API V2: SQLAlchemy Boogaloo

Now that we have our skeleton API built and we can pull the metadata out of MP3 files, we can build an actual data driven API instead of processing everything by hand.

Tools needed

  • Flask
  • SQLAlchemy
  • MutagenX (Or Mutagen if you're running Python2)
  • Flask-Restful
  • Flask-Marshmallow
  • Flask-Script (working on replacing this with Click)

Why no TinyTag? I let TinyTag go after figuring out that the encoding error is centered there. Originally, I had not used Mutagen because it had given me issues. Turns out Mutagen supports Python2. There's a fork -- MutagenX -- that supports Python3. Problem solved.

Setup

Setting up the data driven API is pretty straight forward. However, I'm going to touch on a few more advanced things in here because simply doing an incremental development blog post would be terribly boring to me.

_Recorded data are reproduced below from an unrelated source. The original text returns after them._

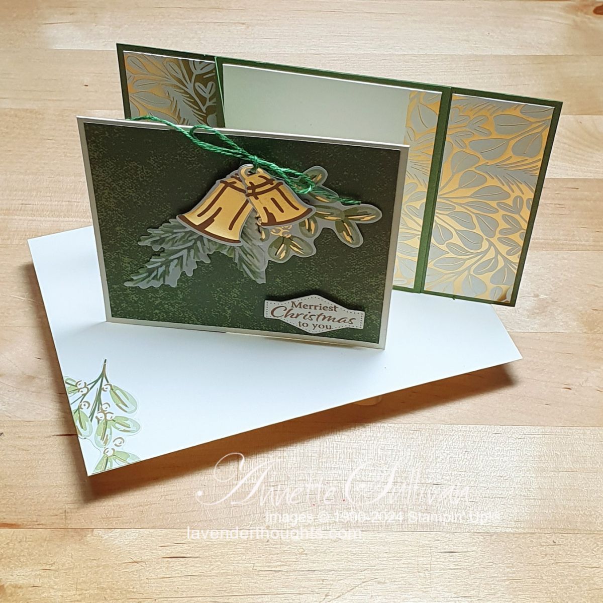Card 2: This Double Decker Z Fold only uses the Season of Green & Gold DSP – again with die cuts. The sentiment is from another Online Exclusive set – Greetings of the Season.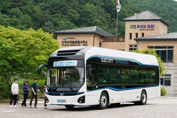 ▲ 전국 4개 국립공원에서 1달간씩 순차적으로 관광객 셔틀버스로 시범 운영되는 현대자동차 친환경 전기버스 ‘일렉시티’현대자동차는 국립공원관리공단과 6월 28일 전기버스 일렉시티 시범 운영에 관한 MOU를 체결했으며, 이를 통해 올해 6월부터 11월까지 전국 4개 국립공원에서 친환경 전기버스 일렉시티를 관광객 셔틀버스로 시범 운행을 시작한다고 밝혔다.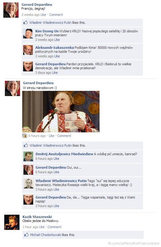 Galowie zwykle zamykają się w swojej wiosce i dzięki magicznemu napojowi odpierają ataki najeźdźców. Odtwórca głównej roli Obeliksa, Gerard Depardieu postanowił przeprowadzić się do Rosji i tam żłopać wszelkie napoje nie bacząc na wysokie podatki we Francji. Dzięki specjalnemu dekretowi Władimira Putina aktor otrzymał nawet obywatelstwo rosyjskie. Internauci jak zwykle byli bezlitośni.

The first slightly advanced thing is going to be modularizing the Flask app. Here's what my directory layout looks like right now:

FlaskAmp/
├── app
│   ├── config.py
│   ├── dev-sqlite.db
│   ├── factory.py
│   ├── __init__.py
│   ├── models.py
│   ├── serializers.py
│   └── utils.py
├── LICENSE
├── manager.py
├── README.md
└── requirements

It's a pretty standard layout. But it bears repeating. Under the app directory is where our action takes place. We'll go over each of these files.


In [ ]:
#app/models.py
from flask.ext.sqlalchemy import SQLAlchemy

db = SQLAlchemy()

class Artist(db.Model):
    __tablename__ = "artists"
    id = db.Column('id', db.Integer, primary_key=True)
    name = db.Column('name', db.Unicode, unique=True)
    albums = db.relationship('Album', backref=db.backref('artist', uselist=False), order_by='Album.name')
    tracks = db.relationship('Track', backref=db.backref('artist', uselist=False), lazy='noload')

class Album(db.Model):
    __tablename__ = 'albums'
    id = db.Column('id', db.Integer, primary_key=True)
    name = db.Column('name', db.Unicode, unique=True)
    artist_id = db.Column('artist_id', db.Integer, db.ForeignKey('artists.id'))
    tracks = db.relationship(
        'Track', backref=db.backref('album', uselist=False),
        lazy='immediate', order_by='Track.position')
    
class Track(db.Model):
    __tablename__ = 'tracks'
    id = db.Column('id', db.Integer, primary_key=True)
    name = db.Column('name', db.Unicode, primary_key=True)
    length = db.Column('length', db.Integer)
    position = db.Column('position', db.Integer)
    location = db.Column('location', db.Unicode)
    stream = db.Column('stream', db.String)
    artist_id = db.Column('artist_id', db.Integer, db.ForeignKey('artists.id'))
    album_id = db.Column('album_id', db.Integer, db.ForeignKey('albums.id'))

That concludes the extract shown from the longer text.